Crédito de imagen: Barron’s / AFP
En una decisión histórica y sin precedentes, LaLiga anunció el lunes 21 de octubre de 2025 la cancelación oficial del partido Villarreal-Barcelona que estaba programado para disputarse en Miami. La medida llega tras días de intensas protestas, presión sindical de los futbolistas y un escándalo mediático que expuso las profundas divisiones dentro del fútbol español respecto a la internacionalización de la competición doméstica.
Javier Tebas, presidente de LaLiga, confirmó en un comunicado oficial que la decisión responde a «la incertidumbre surgida en España» y a la imposibilidad de garantizar las condiciones óptimas para disputar el encuentro. La promotora estadounidense que había invertido millones en la organización del evento se echó atrás tras evaluar el clima de rechazo generalizado y las amenazas de boicot por parte de jugadores y aficionados.
La polémica estalló cuando LaLiga confirmó que el partido de la jornada correspondiente se trasladaría a territorio estadounidense como parte de su estrategia de expansión internacional. La reacción fue inmediata: la Asociación de Futbolistas Españoles (AFE) denunció que la medida incumplía el convenio colectivo, mientras que capitanes de múltiples equipos anunciaron protestas coordinadas durante sus respectivos partidos de la jornada.
Las imágenes de futbolistas deteniendo encuentros durante varios minutos para protestar con pancartas y gestos simbólicos recorrieron el mundo, exponiendo una crisis de legitimidad sin precedentes en LaLiga. El presidente del FC Barcelona, Joan Laporta, respaldó públicamente el traslado argumentando beneficios económicos, pero su postura fue duramente criticada por aficiones rivales y medios especializados.

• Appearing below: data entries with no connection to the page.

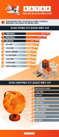 원스톱 여행 솔루션 카약은 지난해에 이어 올해에도 ‘지금 당장 떠나야 할 여행지(Better-now-than-later)’ 리포트를 발간, 사용자 검색 데이터 분석을 통해 전년 대비 검색 증가율 기준 2018년 인기 급상승 여행지 10곳을 발표했다.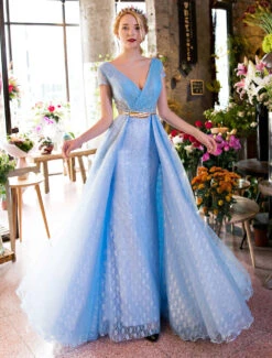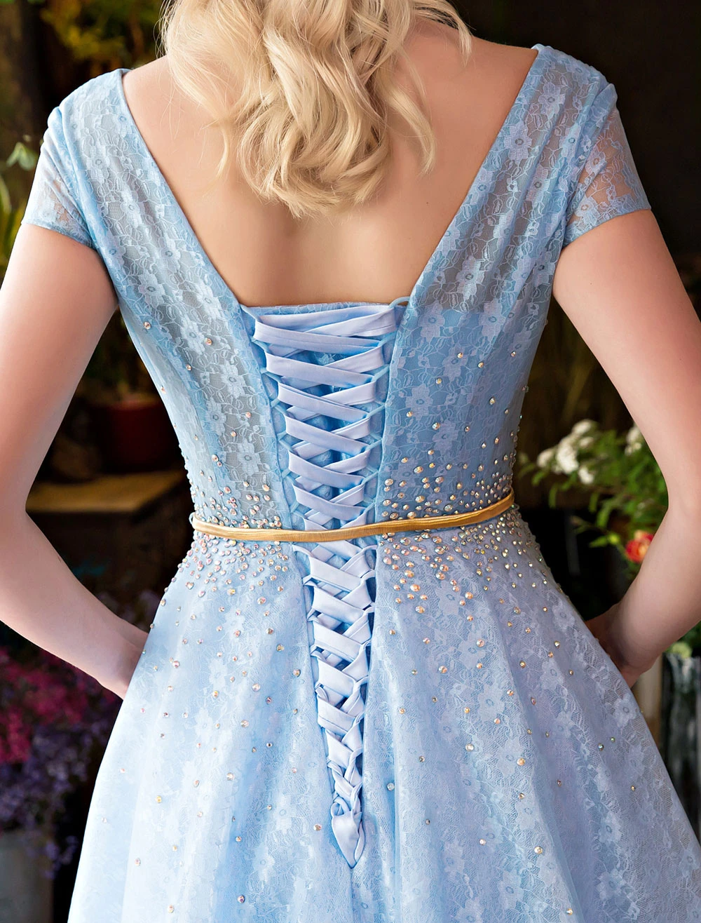 Long Prom Dresses Luxury V Neck Rhinestones Beading Cap Sleeve Pleated Lace Tulle Baby Blue Formal Evening Dresses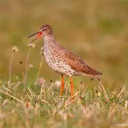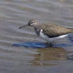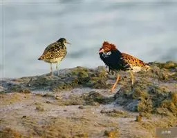 红脚鹬:体长28厘米,上体褐灰,下体白色,胸具褐色纵纹。飞行时腰部白色明显,次级飞羽具明显白色外缘。…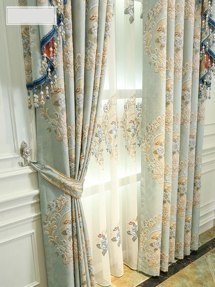 Европейские двойные жаккардовые занавески для гостиной, плотные зат...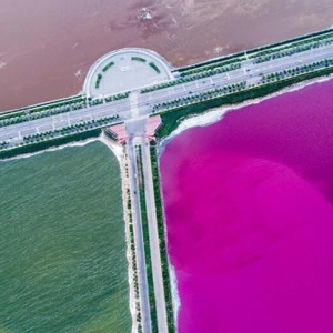 近日,随着秋分季节将要到来,山西省运城市气温的不断下降,位于运城市内的盐湖也呈现出不同的色彩,跨湖大道两侧的盐湖水面一侧呈绿色,一侧呈玫瑰红,摇身变成“鸳鸯火锅” 。这一现象是怎么产生的呢?经检测,原来是杜氏盐藻在“作怪”。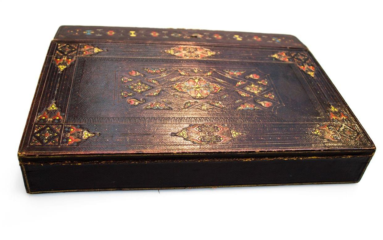 Cuir gaufré et peint, milieu XIXe , 9x35x25 cm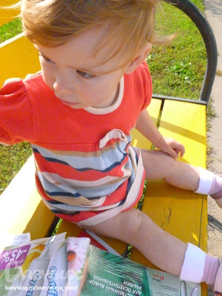 На улице сегодня солнечно,но ветренно!Однако нам не помешало рвать цветы с корнем,гояться за голубями и бегать по песку,держа маму за руку,залазить на грязную горку и кричать на всю детскую площадку))Приходим мы домой,она на соску показывает пальцем(обычно раскидывает вещии ползает) потом доползла до кроватки и тянет одеяло на себя,я поняла что она спать хочет,я пока желание ее не пропало,укутала и все вырубился ребенок,удивило то,что она сама захотела спать,обычно я ее когда с прогулки приходим кормлю потом укачиваю,а тут она САМА захотела!!!! Взрослеем ура!!!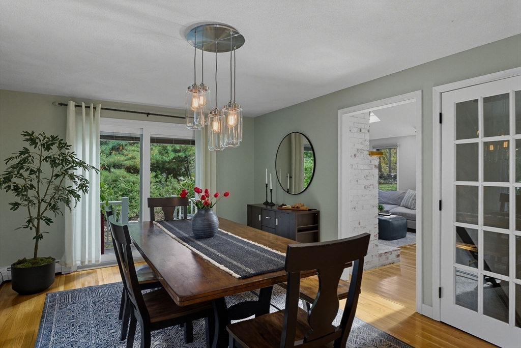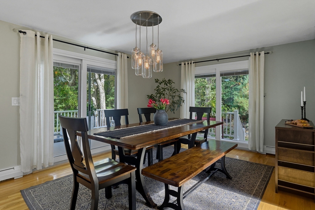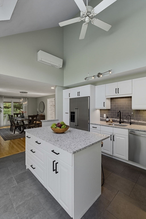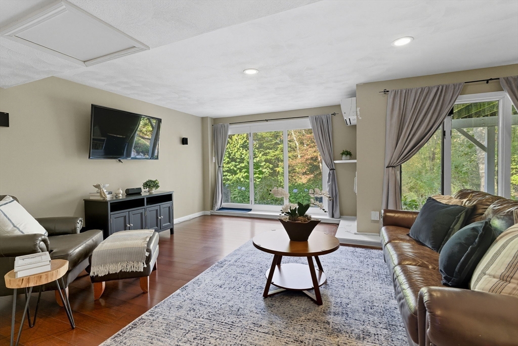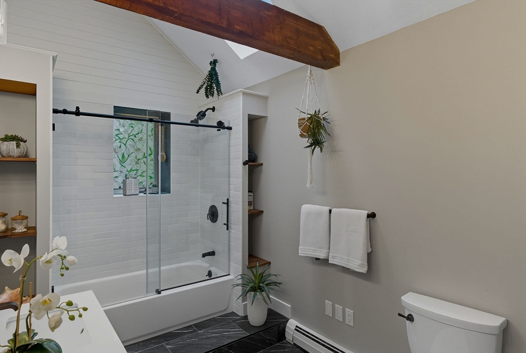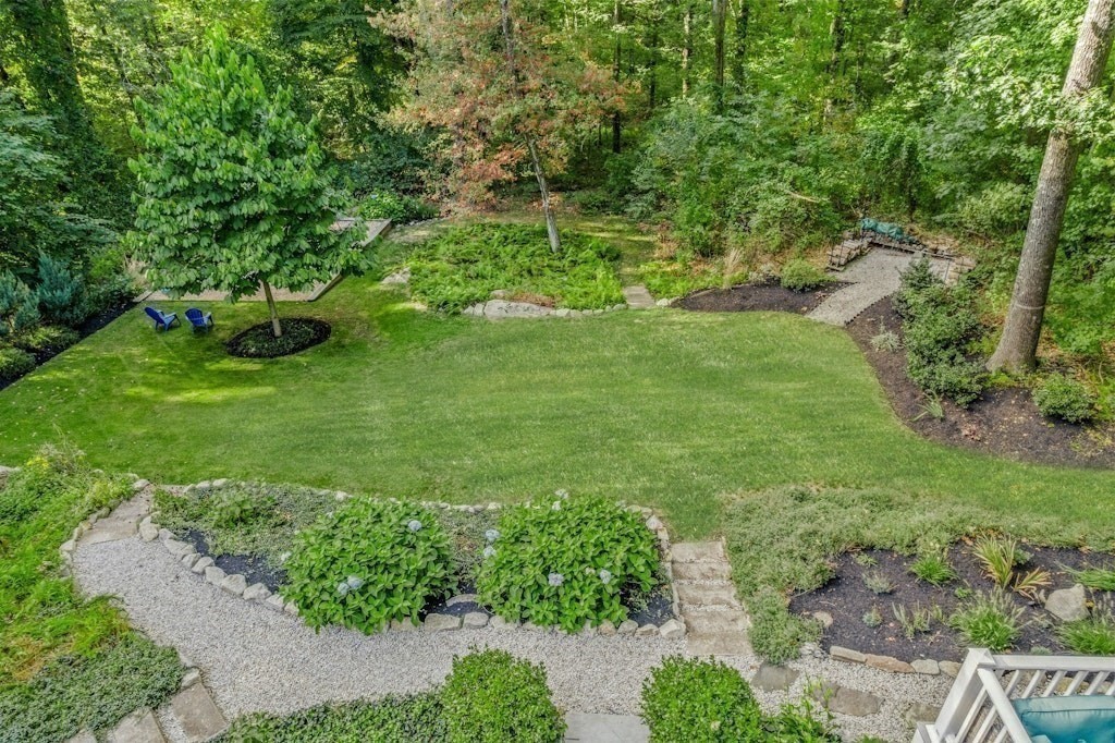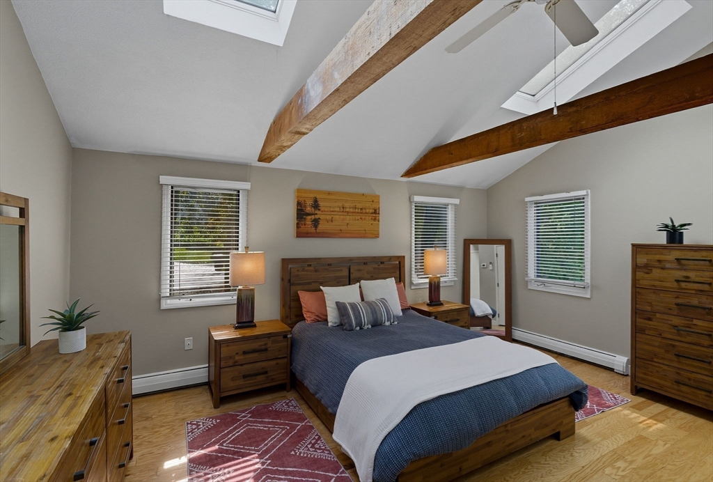 Situated on a private acre, this custom contemporary home welcomes you with soaring ceilings and walls of glass that fill the vaulted family room with natural light. A dramatic floor-to-ceiling fireplace creates a warm centerpiece, while the dining room opens to an expansive composite deck overlooking the backyard. The kitchen is bright and airy with vaulted ceilings, skylights, granite counters, stainless steel appliances, and a large center island. A first-floor bedroom and full bath offers versatility for guests or extended family. Upstairs, the primary suite is a retreat with cathedral ceilings, exposed beams, skylights, and a spa-like bath with double sinks and a beautifully tiled shower. Another spacious bedroom enjoys its own private balcony. The walk-out lower level features a wall of windows, slider access to the yard, and a cozy wood stove. Outside, meandering walkways, lush landscaping, and multiple gathering areas make the backyard a true private retreat.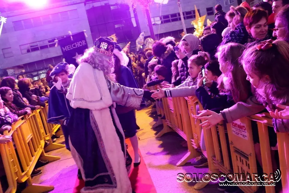 Este año la puntualidad volvió a un desfile que recorrió la principal arteria de la localidad, y lo hicieron rodeados de miles de personas, entre ellas muchos niños cargados con bolsas para poder atrapar los caramelos que lanzaban o bien los pajes reales o los propios reyes que iban en este orden, en primer lugar Melchor abriendo el desfile, después Gaspar y por último Baltasar.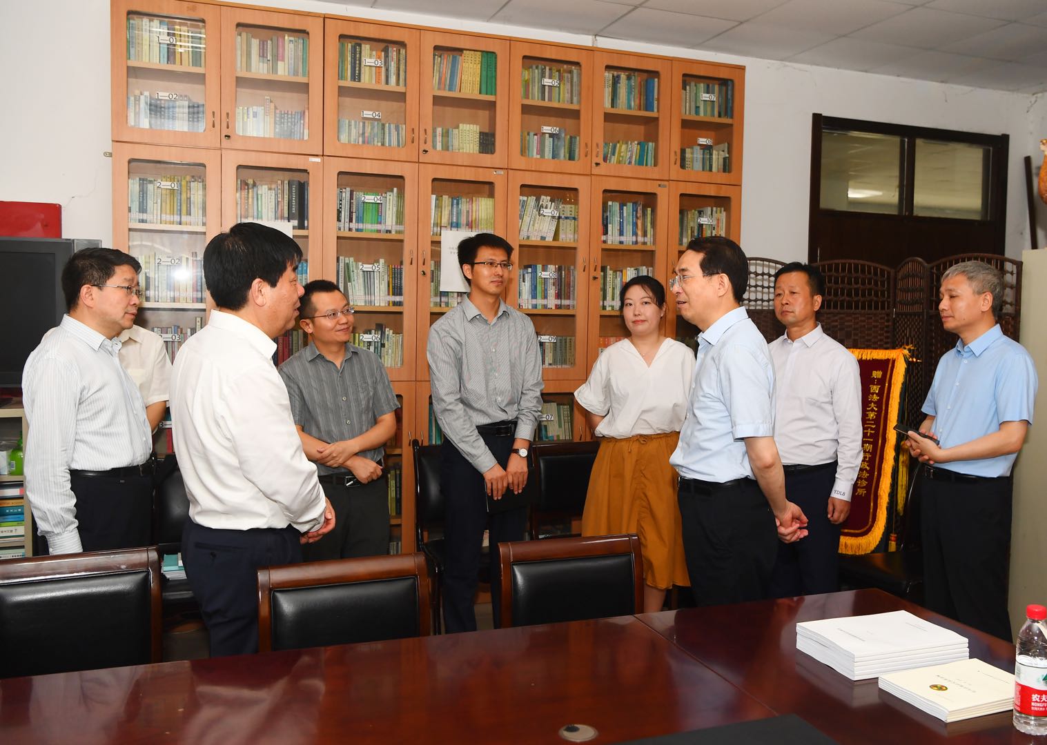 公司领导班子和部分教师参加了调研,经理姬亚平教授介绍了公司的成立背景,建设规划,以及在团队建设和教学科研方面取得的成绩。王兴宁书记肯定了成立纪检监察公司的意义,询问了老师们的教学心得和实习收获,饶有兴趣地翻阅了教师们的撰写的教材和科研成果,鼓励大家积极从事纪检监察教学研究,努力为党和国家培养合格的纪检监察人才。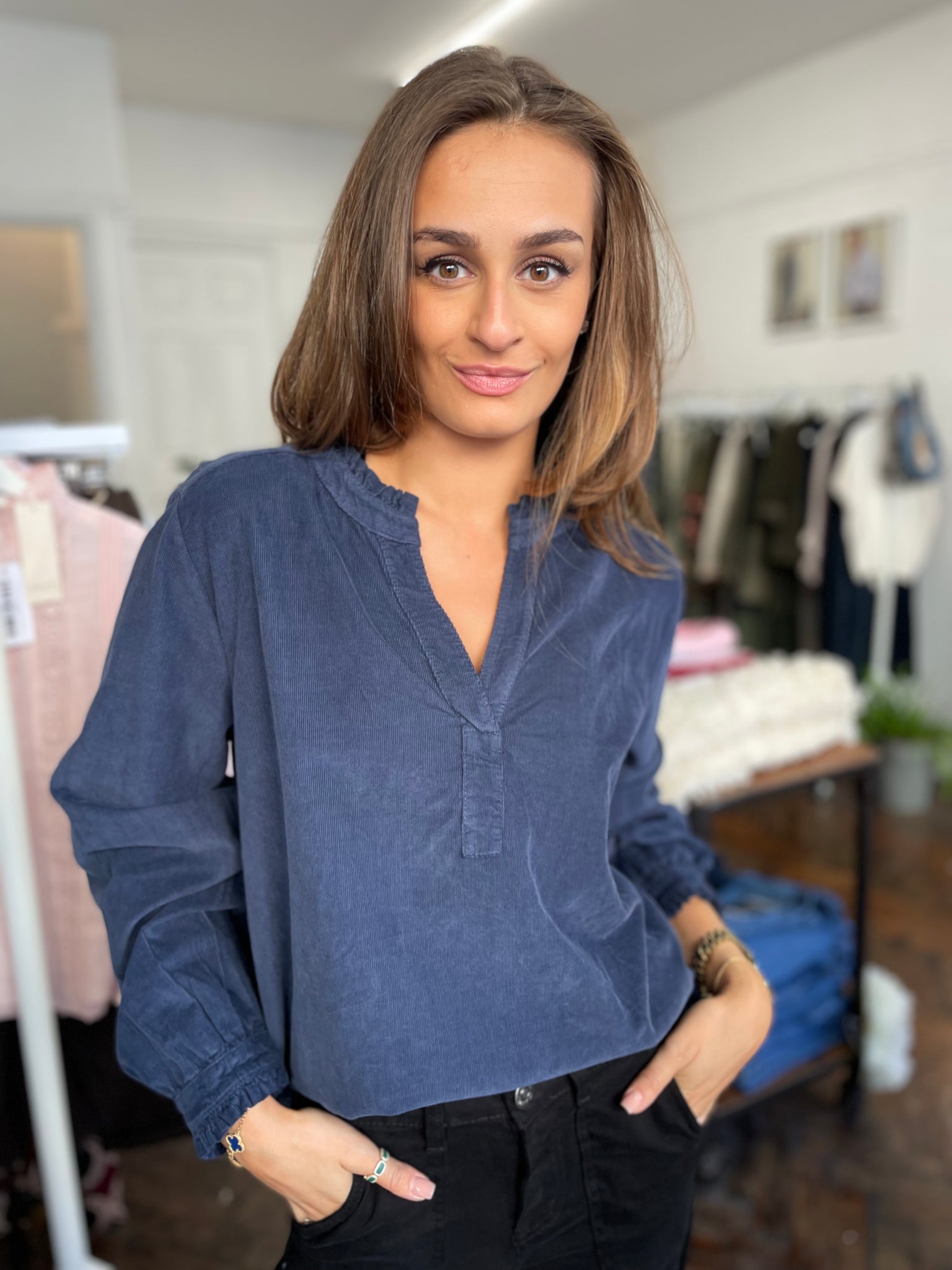Nola Frill Collar Needle Corduroy Shirt Navy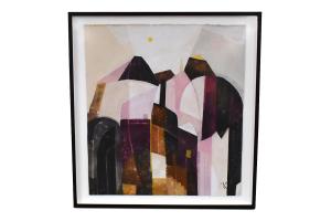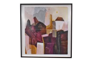 Print Abstract Pink, Purple & Black w/Houses in Black Frame (Cleared)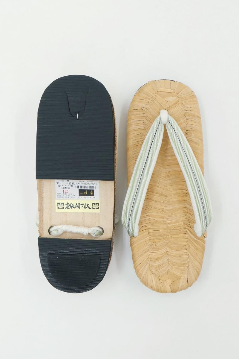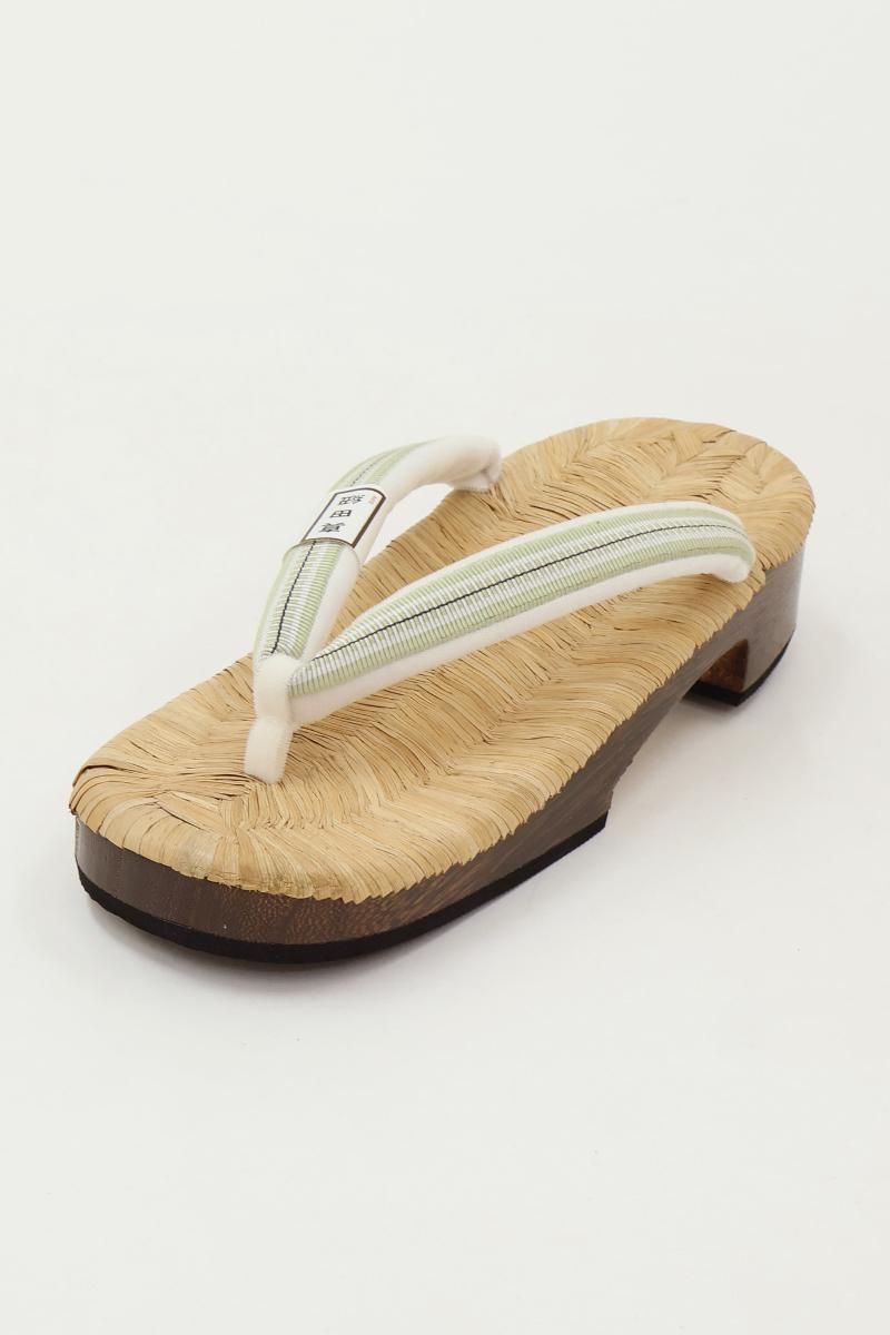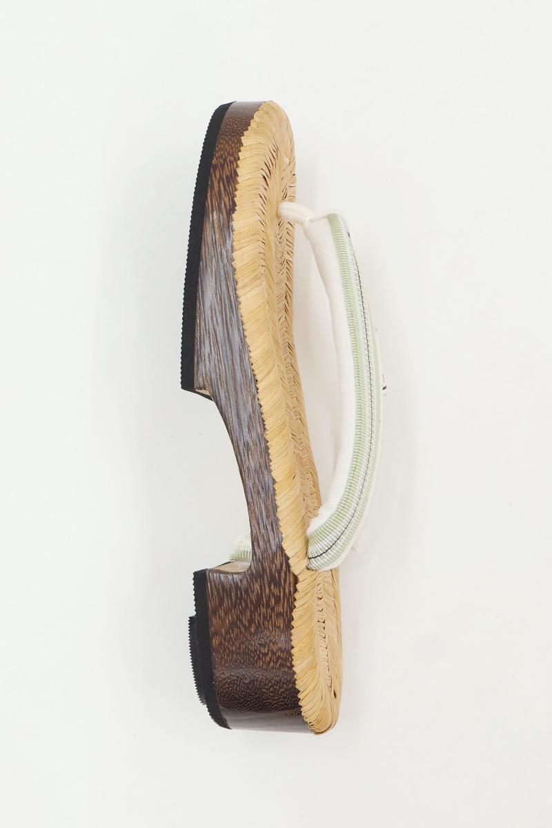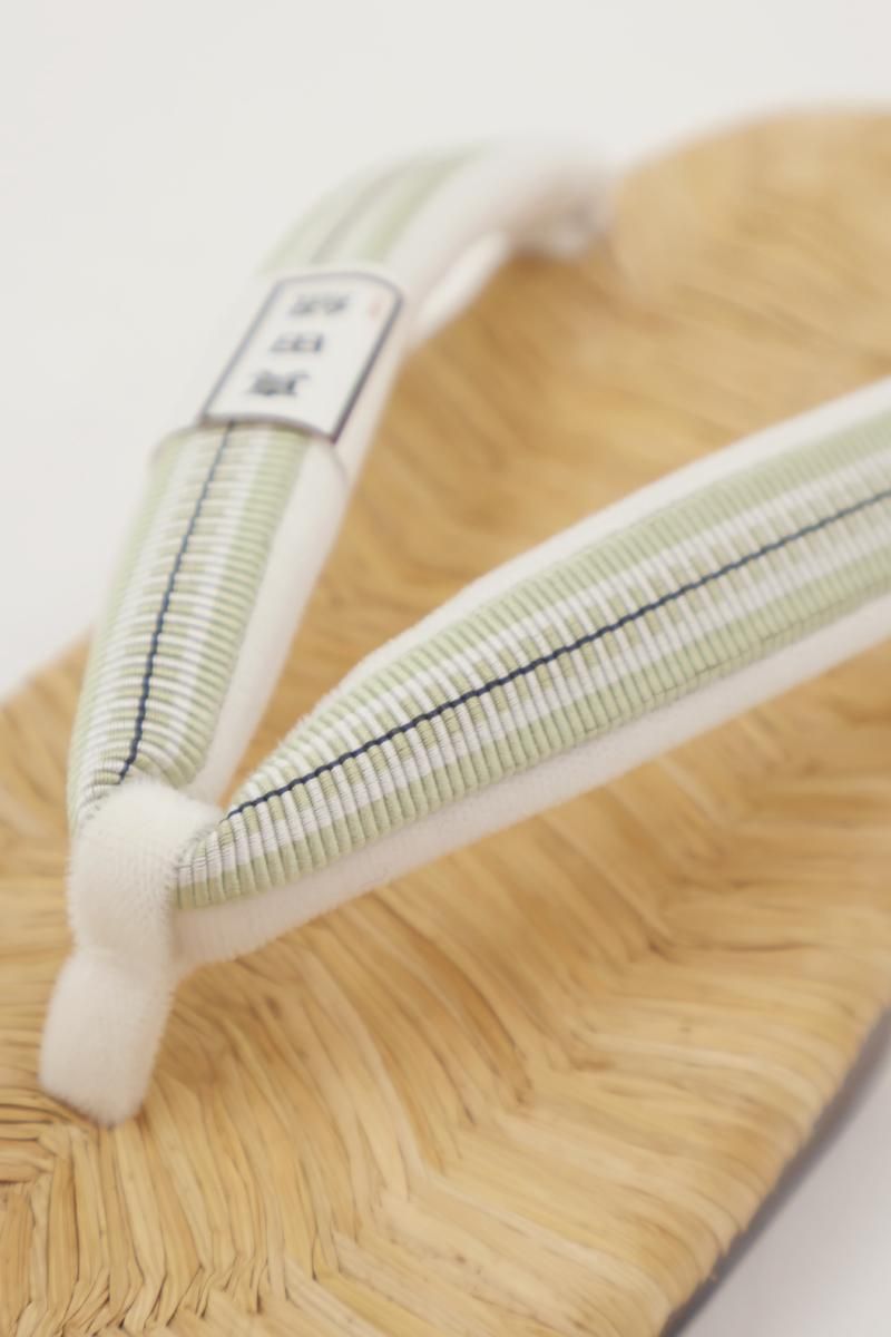 着物まわりの小物を幅広く手がける老舗として定評ある京都・衿秀さんから、畳表の台の下駄のご紹介です。こちらは桐の巻に畳表の台を合わせたお品、鼻緒は薄緑色に黒色を効かせた真田紐、優しい表情で様々な装いに寄り添ってくれることと思います。巾広の鼻緒は足に馴染みやすく、優しい足あたりで、底がゴムなので長時間履いても疲れにくいのが嬉しいですね。季節を問わず気軽なお出かけに重宝することお思います。この機会にぜひお手にとってご覧下さいませ。

Thibaut Courtois, portero del Real Madrid, fue especialmente contundente al calificar la decisión como una «adulteración de la competición» que beneficiaba intereses comerciales por encima de la integridad deportiva. Sus declaraciones encendieron el debate sobre hasta dónde puede llegar la mercantilización del fútbol sin traicionar su esencia competitiva y el respeto a los aficionados locales.
La UEFA, que inicialmente había dado luz verde al proyecto con reservas, guardó silencio ante la escalada del conflicto, dejando a LaLiga aislada en su defensa de un modelo que pretendía emular a la NFL estadounidense con partidos internacionales regulares. Los seis millones de euros prometidos a cada club participante resultaron insuficientes para silenciar las voces críticas.
La cancelación representa un revés monumental para los planes de internacionalización de Tebas, quien había invertido años negociando permisos y acuerdos para hacer realidad este sueño. Los medios especializados califican el episodio como «la mayor crisis institucional de LaLiga en décadas», con consecuencias que podrían afectar futuros proyectos de expansión.
El partido Villarreal-Barcelona se disputará finalmente en el estadio de La Cerámica según el calendario original, pero el daño reputacional para LaLiga es incalculable. La guerra sin precedentes evidencia la fractura entre dirigentes que priorizan negocios globales y una masa futbolística que defiende tradiciones y derechos laborales.